Approaches to automated English essay evaluation in Russian students’ learner corpus
REALEC (Vinogradova, 2016) is the first in the open access collection of English texts (mainly essays) written by students with Russian as their native language who are learning English at the university. The project team working with the corpus over the last two years have been developing computational tools to make the use of REALEC efficient for both students and their English instructors in preparation for the university EFL examination.

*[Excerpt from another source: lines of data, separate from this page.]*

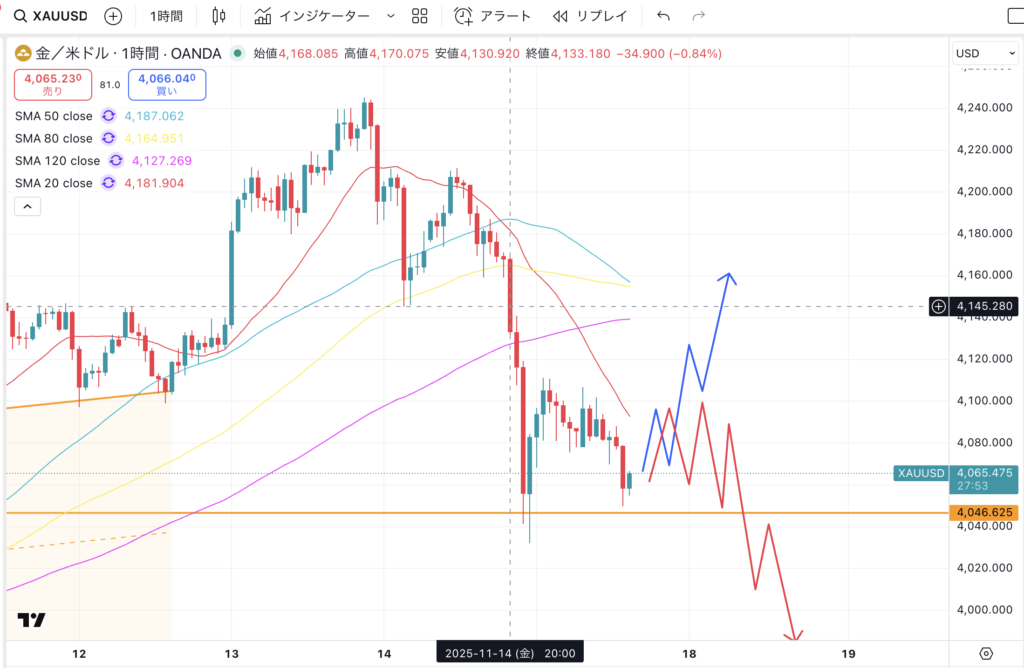 赤矢印のように反転上昇できなく、再度下落するパターンになるのか?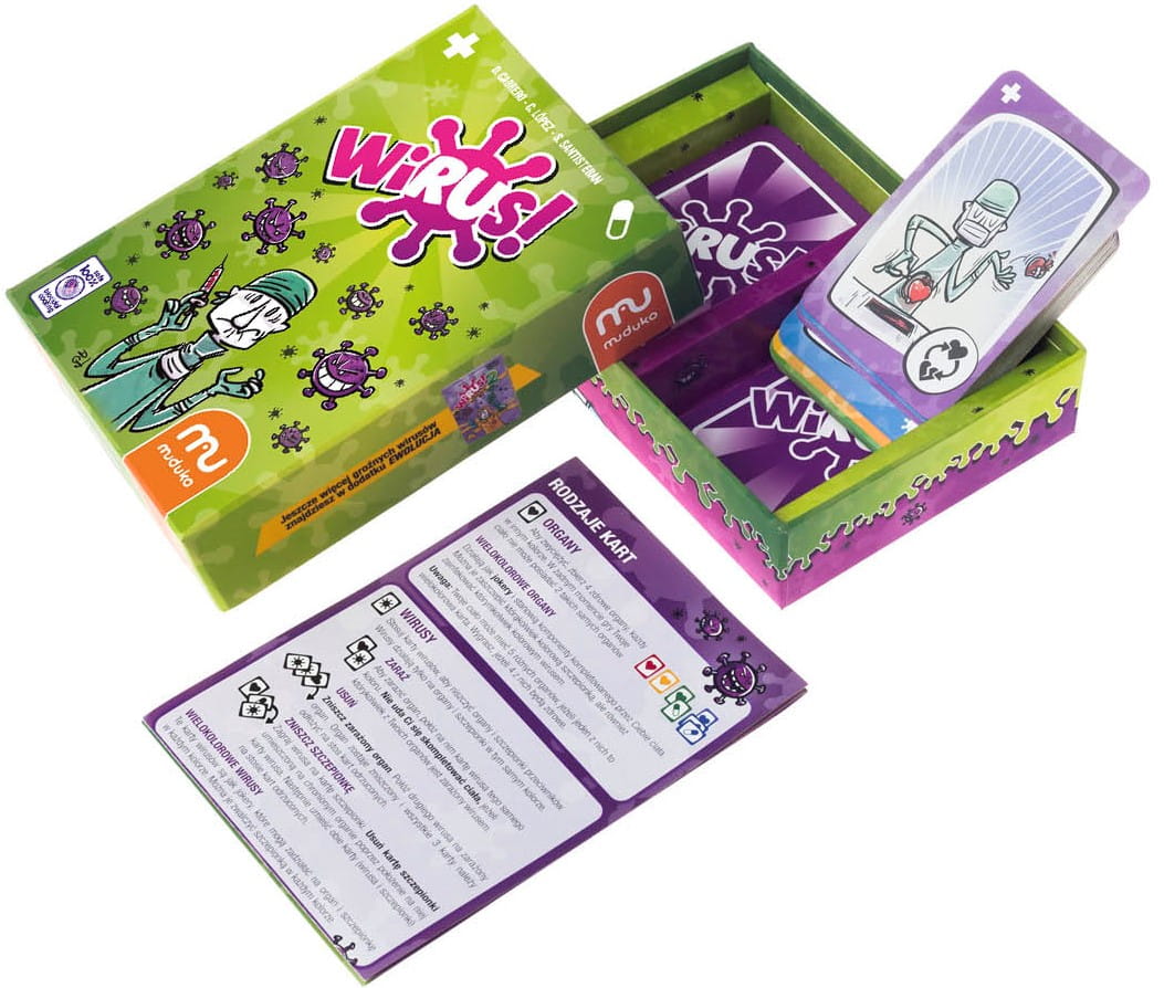 Wirus! to szybka gra imprzowa dla 2 do 6 osób, w której będziecie musieli zbudować ludzkie ciało, jednocześnie bronić je przed zainfekowaniem, zniszczeniem lub kradzieżą organów przez zarażonych przeciwników.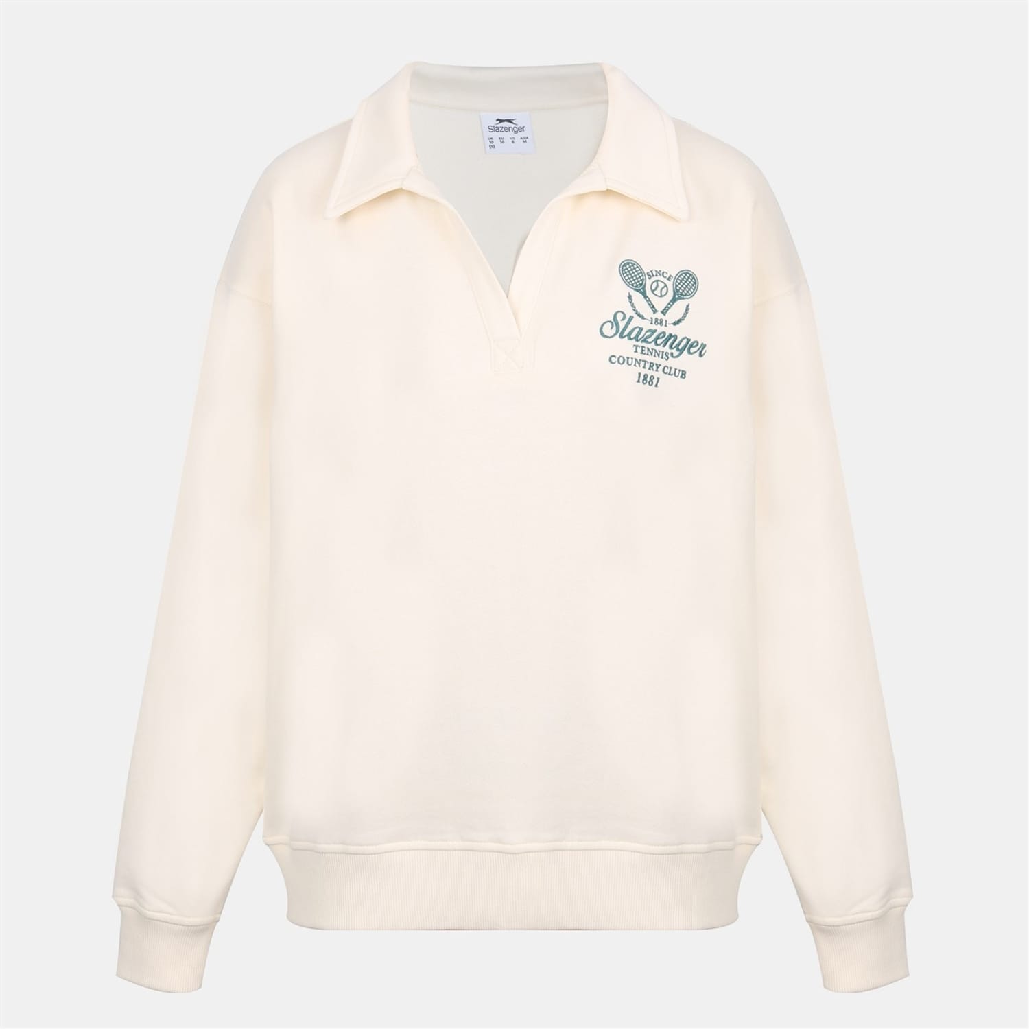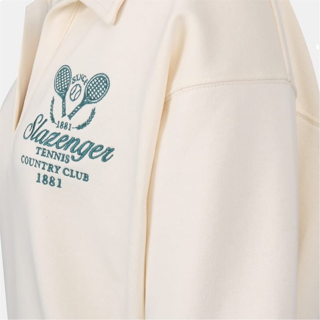 This Slazenger top features a crew neck and long sleeves with a drop shoulder design, offering a relaxed fit. The ribbed cuffs add a touch of detail, while the solid pattern provides a classic look. The top is embellished with an embroidered logo, making it a stylish choice for sporting activities. -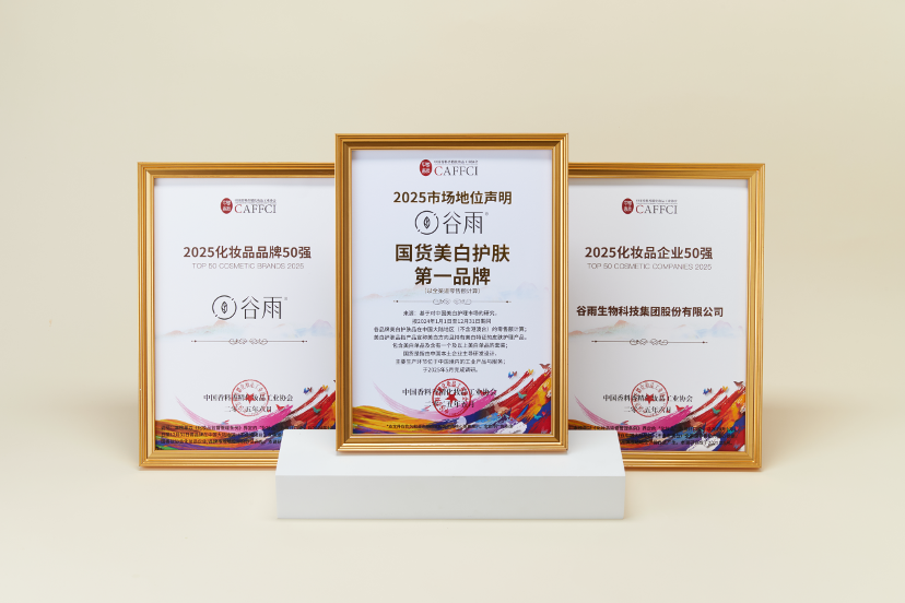 在此次权威评选中,国货先锋品牌谷雨凭借突破性的科技创新能力、独特的品牌文化构建能力以及消费市场出色的口碑及销售表现,成功登榜“2025化妆品企业50强”及“2025化妆品品牌50强”,同时更揽获“2025品类冠军·国货美白护肤第一品牌”市场地位的权威认证。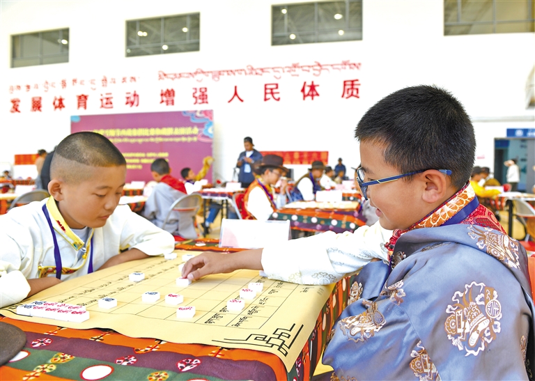 17日上午,在雪頓節藏棋表演賽上,選手們緊張對弈。記者 旦增蘭澤 攝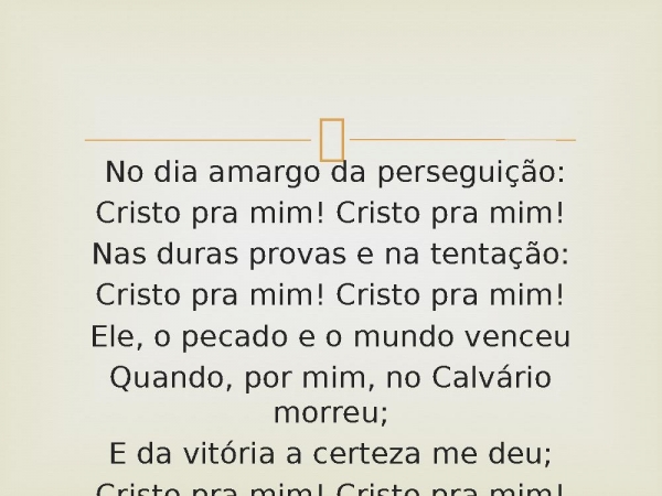 - No dia amargo da perseguição:Cristo pra mim! Cristo pra mim!Nas duras provas e na tentação:Cristo pra mim! Cristo pra mim!Ele, o pecado e o mundo venceuQuando, por mim, no Calvário morreu;E da vitória a certeza me deu;Cristo pra mim! Cristo pra mim!
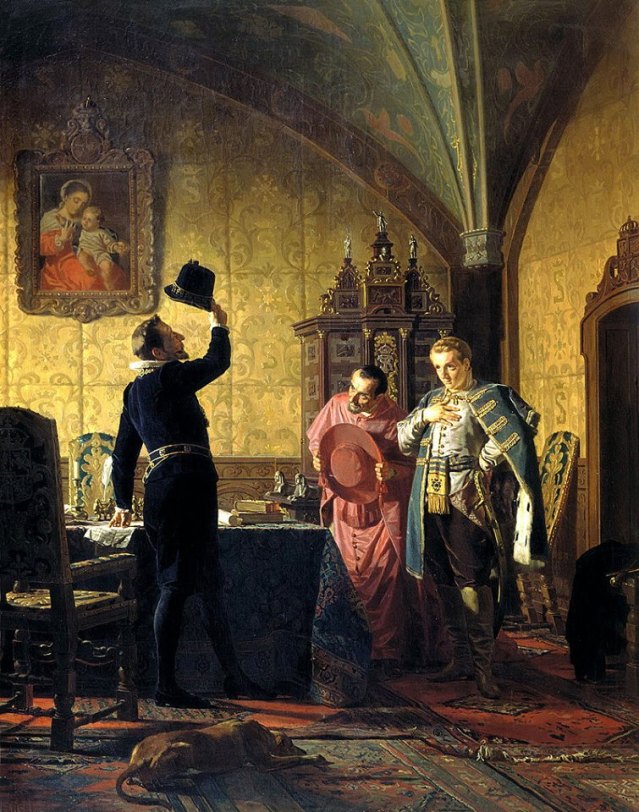 *На слици Николаја Неврева: Лажни Димитрије (обријан) даје заклетву пољском краљу Сигисмунду III да ће у Русију увести папизам.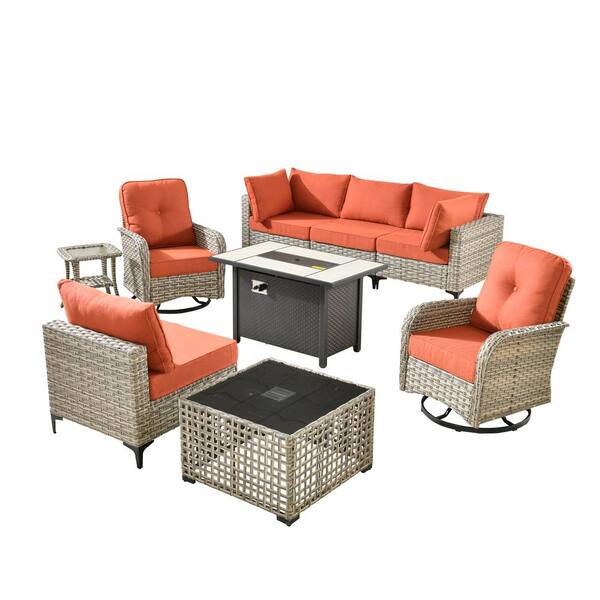 Holston 9-Piece Wicker Modern Outdoor Patio Metal Fire Pit Conversation Sofa Set with Swivel Chairs and Red Cushions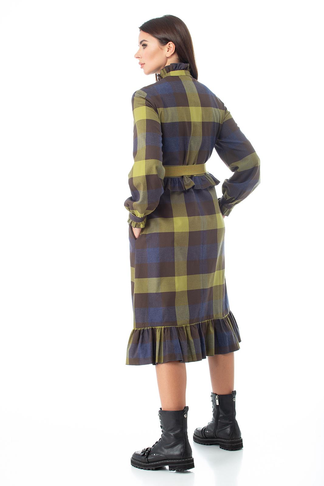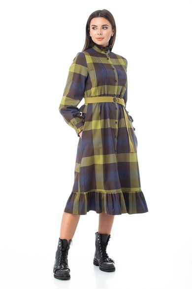 Наше платье в клетку с элементами романтизма: мелкие складочки на полочке, рюша по стойке горловины и по низу манжеты втачного рукава; волан по низу платья и по спинке на уровне талии. Слегка расширенный силуэт, длина миди.

This paper considers four tools designed to enhance corpus-mediated work in the classroom:
• easy access to the statistics of student errors in one text, in all texts written by the same author, or in all texts in a current folder, which provides for on-the-spot feedback on the quality of the text uploaded to the corpus;
• automated evaluation of lexical proficiency, which includes commonly used features such as length of words; length of sentences; distribution of words across the Common European Framework scale levels (A1-C2); use of academic vocabulary compared with one of the two lists - the Coxhead Academic Word List and in the Corpus of Contemporary American English; number of repetitions; use of linking words; use of collocations (as attested by the comparison with the Pearson academic collocation list);
• automated test-maker, which extracts sentences from the corpus and turns them into questions for placement and progress testing purposes;
• automated evaluation of syntactic complexity of the text which takes into account features such as mean sentence depth and the average number of relative and adverbial clauses.
The opportunity to get automated evaluation of the variety of syntactic means used in a student text is an important feature for both instructors and learners.